Naturally, over the years, his lungs evolved. They learnt how to ration every breath he took and use the little oxygen that came in to effectively run his body and brain through all his daily activities, including running 2 marathons a day, to and from school, when he was only nine years old.
My friends, life is tougher for some than others. I’m sure you look at the year we’re having so far, and you wonder how you’re going to make it through. When the economy continues to limp along, and we are all being forced to chase the dollar into the bush, you start to wonder how you’re supposed to go without so many things and still survive. Let me remind you that the most essential thing a human being needs is oxygen. If a person can get by on rations of that, then there truly is nothing we cannot live without.
Now, the thing that inspires me most about Haile’s story is how his weakness became a strength. After getting by on rations of oxygen his whole life, and still performing at the highest standards, just imagine what he was able to do when he descended to our level where oxygen is abundant. If he could only jog at home, down here, he could fly. Nobody could catch the little man from Asella. There was really no point trying to. Of course, those of us down here have been spoiled. We’ve breathed freely all our lives, and so imagine how we would all suffer if we were to move to Haile Gebrselassie’s hometown of Asella today.
That’s life. Those who start off in abundance tend to struggle in adversity. And the opposite is also true. Back in Augusco, there was an athlete called Agabus. The guy was fast. He broke every imaginable sprint record there was to break. His secret was that every morning, he would go to the beach, tie bags of sand around his ankles and run in the sand.
He would sprint at great bursts of speed with weights around his ankles, on the unruly, uneven surface of the sand. Then, he would walk around all day with the sand bags on his ankles until the time of the race.
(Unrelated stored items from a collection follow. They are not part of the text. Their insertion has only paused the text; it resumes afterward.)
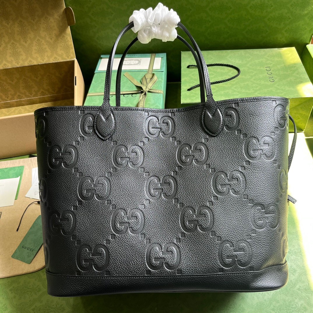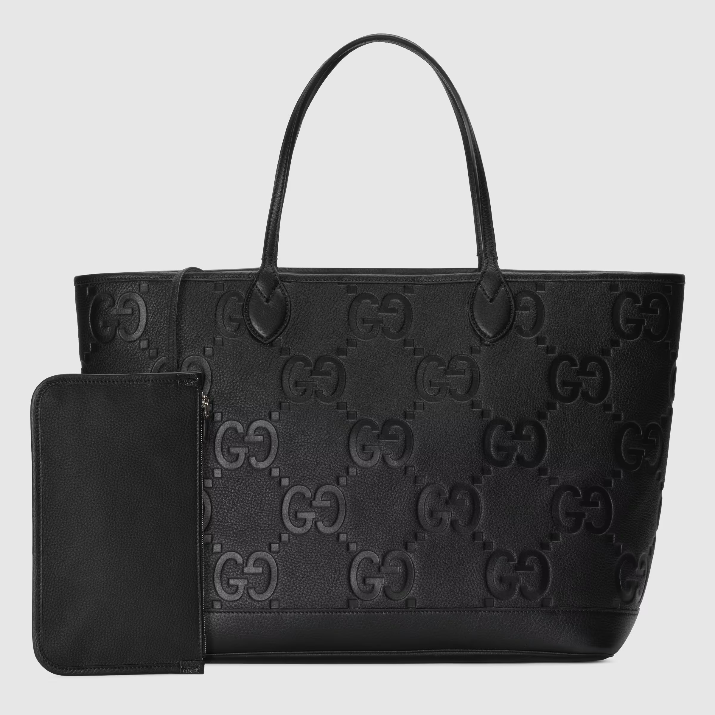 - Black jumbo GG leather- Cotton linen lining- Inside: 1 zip pouch- Handle with 8.3" dropSize: 15.7 x 13 x 7.5 inchesCome with Gucci dust bag and certificate card.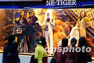 北京東方新天地內一家經營皮草服飾的商家二十九日以真人模特在櫥窗內展示,吸引眾多過往顧客的目光。中新社記者:毛建軍
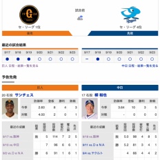 【巨人実況!】vs 中日(19回戦)![9/25] 先発はサンチェス!捕手は小林!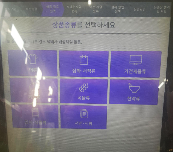 보내는 제품의 종류를 선택하면 된다. 가전제품을 꾸욱.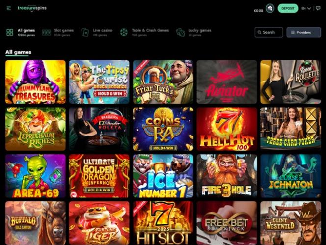 Treasure Spins Casino 的遊戲庫包含數千款引人入勝的線上老虎機遊戲,老實說,對於擁有如此品牌名稱的賭博場所,我們並沒有期待太多。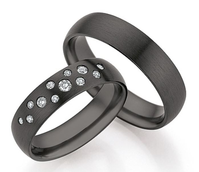 Trauringe aus Zirkonium in 5.5 mm breite. Der Damenring ist mit 12 echten Diamanten verziert.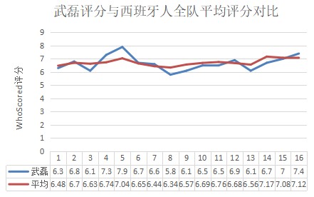 截至本赛季结束,武磊在西甲一共踢了16场比赛,刚开始几场表现都不错,评分也越来越高,从第25轮到第28轮,连续四轮评分高过全队平均评分,加泰德比过后经历了一段低谷期,从第29轮到第32轮,连续四轮评分低于全队平均评分,取得第二粒进球后状态开始回暖,最后4轮评分一场比一场高。16场比赛武磊的平均评分是6.67分,西班牙人全队是6.73分,从评分上来看,和中国很多其他有过留洋经历的人不同,武磊是可以达到西甲平均水平的球员。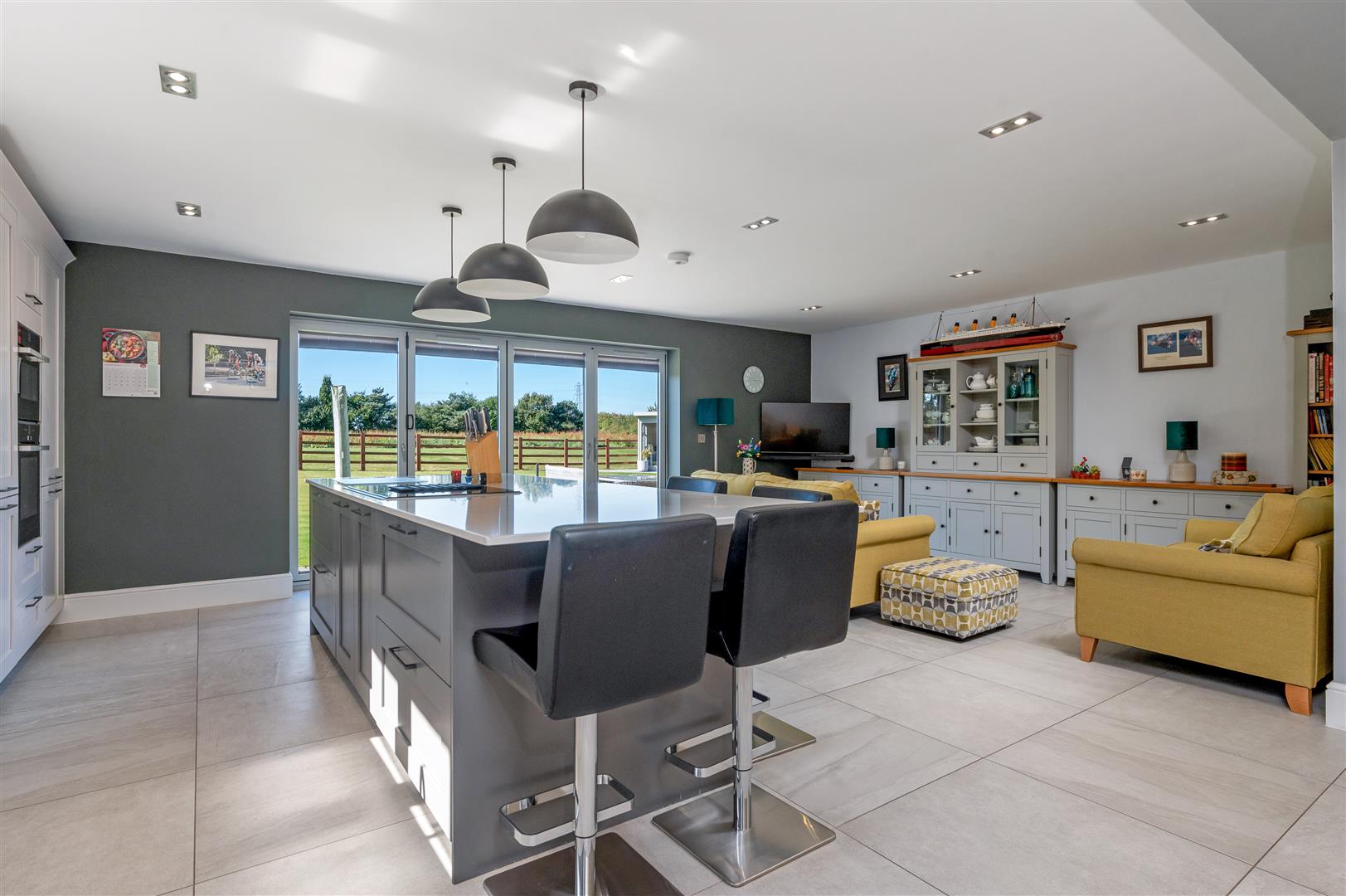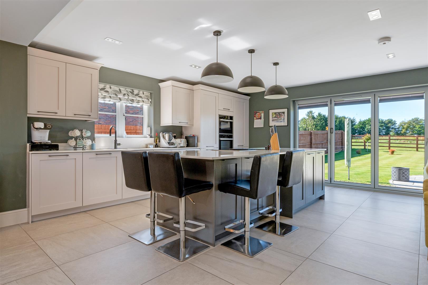 Living / Dining Kitchen - 7.26m x 7.32m max (23'10 x 24'0 max) - A superb open plan everyday living/entertaining space flooded with light having double glazed windows to the side and a run of bi-fold doors at the rear leading out onto the garden. The kitchen is appointed with a generous range of contemporary solid wood painted wall, base and drawer units by German company Hacker, complementing central island unit, Silestone preparation surfaces with inset sink. Integrated appliances include induction hob with down-draught extractor, Neff fan assisted oven, combination microwave, fridge and freezer, dishwasher, pull out butler's pantry, inset downlighters to the ceiling and three pendant lights above the island.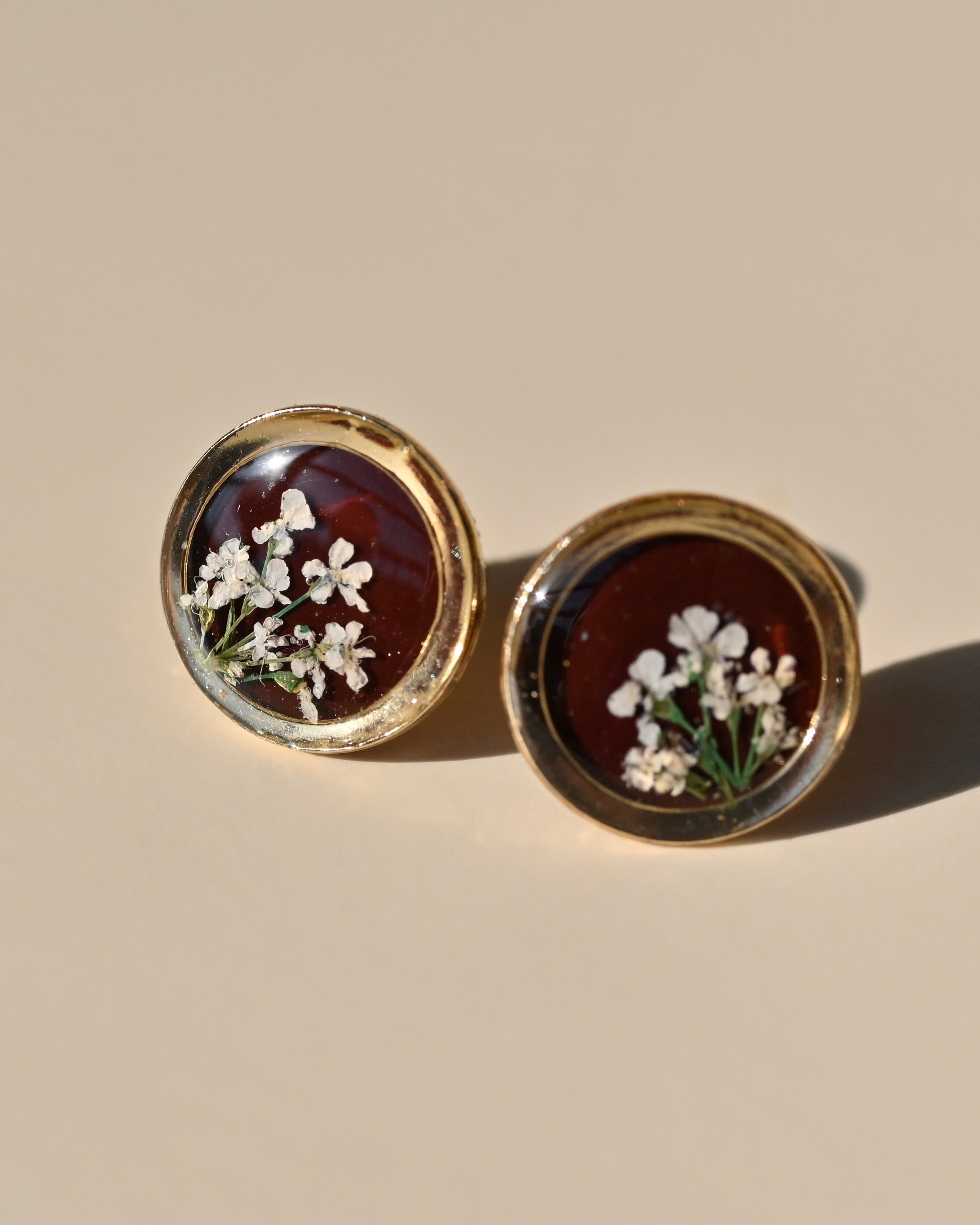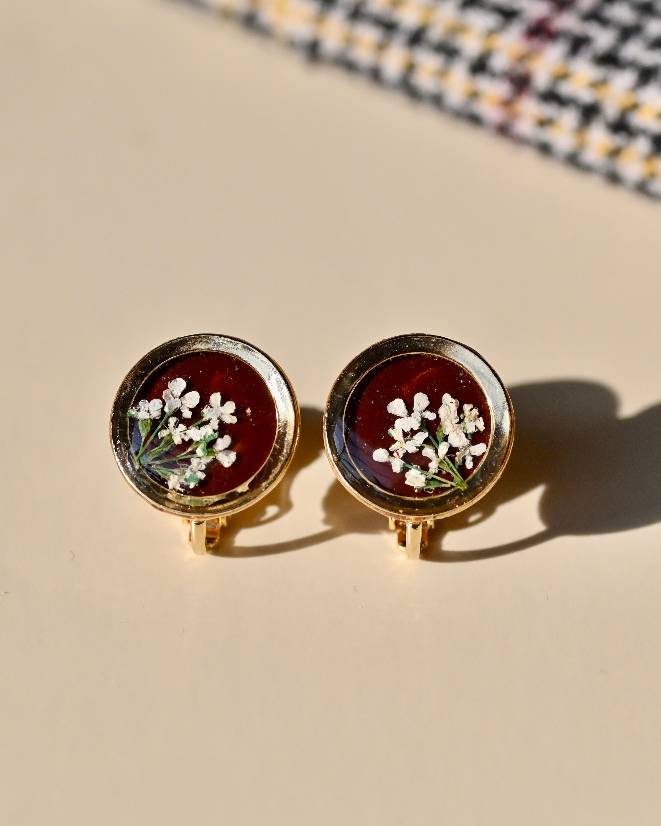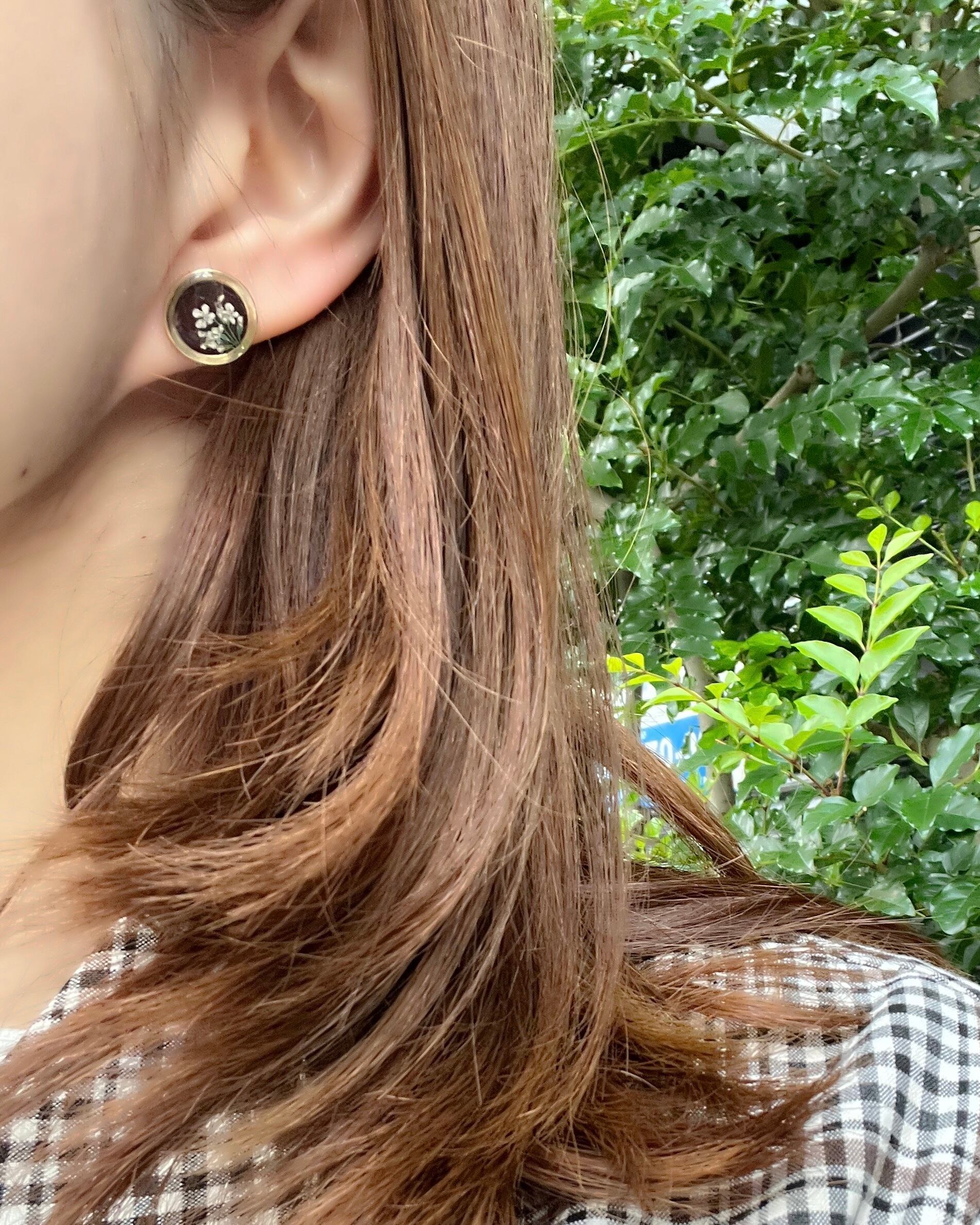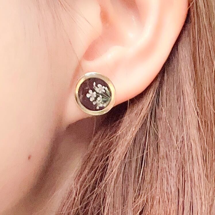 レースフラワーの押し花をあしらったピアス/イヤリングです。

When he finally took the sandbags off, Agabus’ legs would feel super light. The same effort he had been using to move with the sandbags on, could now take him a great deal further and faster once he took them off.
So what are the sandbags in your life? What are the things that put you at a disadvantage to others? Is it a poor upbringing? Less than excellent grades? Less than excellent looks? A disability? Whatever your disadvantages, try to remember that they are actually advantages when you compete against those who have never had to live with your limitations.
Show them what you have endured. Show them what you have been through and survived. Make those who think they are better than you realise that they are no match for you even on your worst day! Show them that all your life, you have been doing what they do, but you have been doing it without what they have.
Show them that after a lifetime of battling with one arm tied behind your back, they stand no chance against you with both hands free…In fact, it’s not even a fair fight. You will wipe the floor with them. All these tough years we’re having to live through now – that’s God training us with sandbags in the sand, so that when we hit the turf and he takes our sandbags off, nobody can catch us.
My name is Kojo Yankson, and I’ve never had much. So to win, I don’t need much.